In Angola, the national state of emergency, with mandatory quarantine, was decreed on 24 March; to date, about 27 positive cases have been reported as Covid-19, all of people returning from abroad and intercepted at the airport.
“At this moment,” Sergio says, “there are 2 major concerns: the structural deficiencies of the national health system; and, in the longer term, the devastating effects that the new instability is creating among the population, especially among the poorest and most vulnerable groups.”
Among the groups most at risk and most exposed are the numerous street children in Luanda who are supported and helped by VIS and the Salesians.
Sergio continues: “For several years now, together, we've been carrying out a reintegration program where children and adolescents whose home is the street are reintegrated into the family through several phases. The first phase of the program takes place on the streets with our educators and psychologists and is aimed at those who are starting along this path.
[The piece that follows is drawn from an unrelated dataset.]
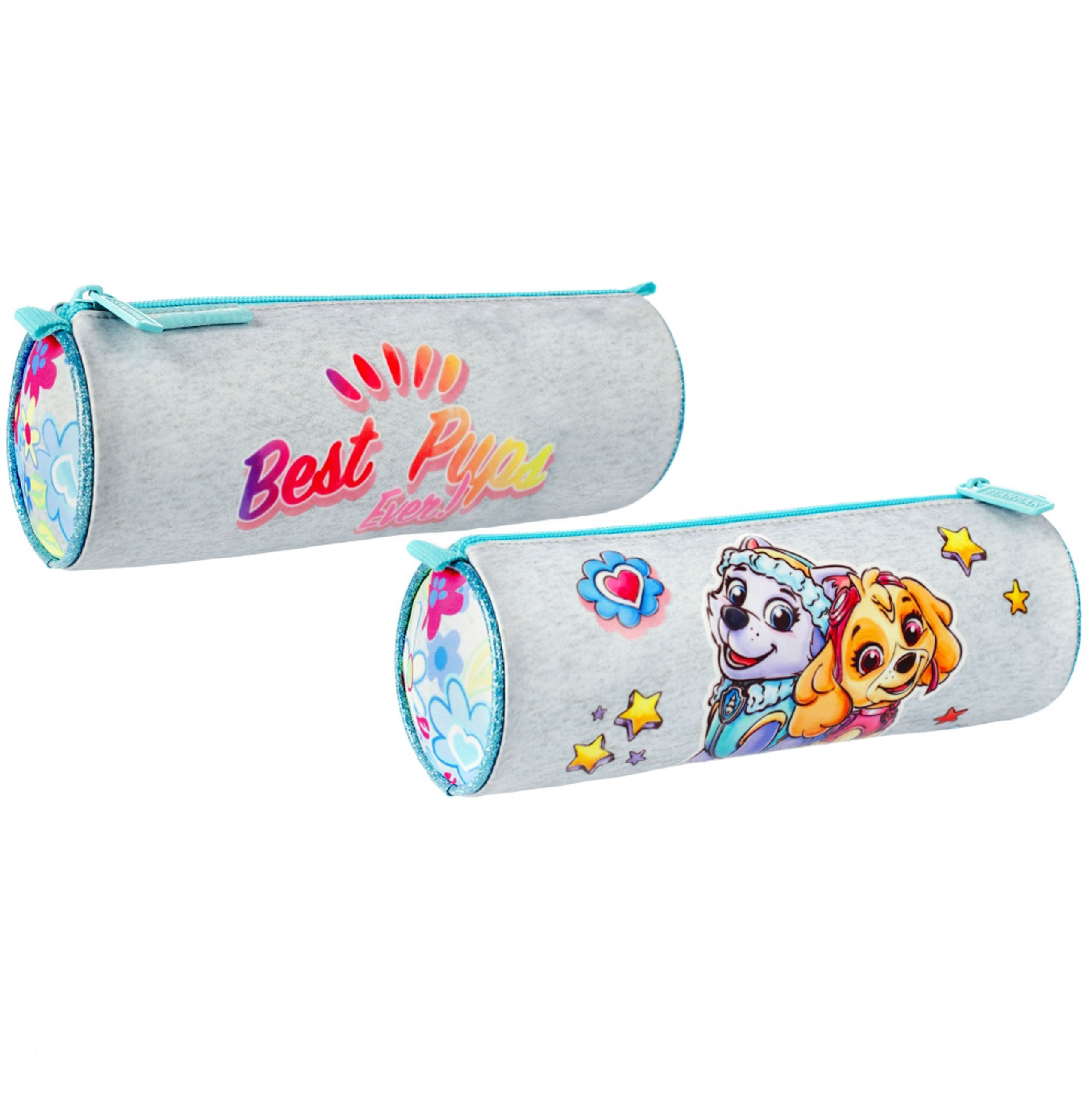 Szary, jednokomorowy piórnik zapinany na zamek, z nadrukiem wizerunków postaci serialu animowanego "Psi Patrol" - Skye i Everest.

These kids, in these days of social deconstruction, are more than ever exposed to the risks of the street, to diseases, to the possible contagion of Covid-19, to the lack of sources of subsistence and to the violence of adults and often, unfortunately, also of law enforcement.”
Some activities of the "Vamos Juntos" project supported by the European Union and other benefactors have thus been redirected; they've opened a new emergency center where the street children can be offered to live this period in a community and in an organized way, far from the dangers of the ever more present streetlife.
“Many of them responded positively,” he says. “About 50 children and adolescents, of which 9 are girls and... 1 baby girl... from the street... were welcomed, the former in the 'Refugio House' of the Salesian Center 'São Domingos Savio', the latter in the Maria Mazzarello house of the Daughters of Mary Help of Christians.”
In these two centers, boys and girls receive protection, nutrition, hygiene products and, above all, the attention of many social educators and volunteers who dedicate themselves to them, helping the children to organize their daily lives, to learn and to respect the rules of hygiene and prevention, and to make them responsible.
Sergio concludes: “We're trying to ensure that this emergency can be transformed into an opportunity to carry out more accurate work of accompaniment and empowerment for children and adolescents in street situations, and looking to the future, preparing the way for their returning within their families.”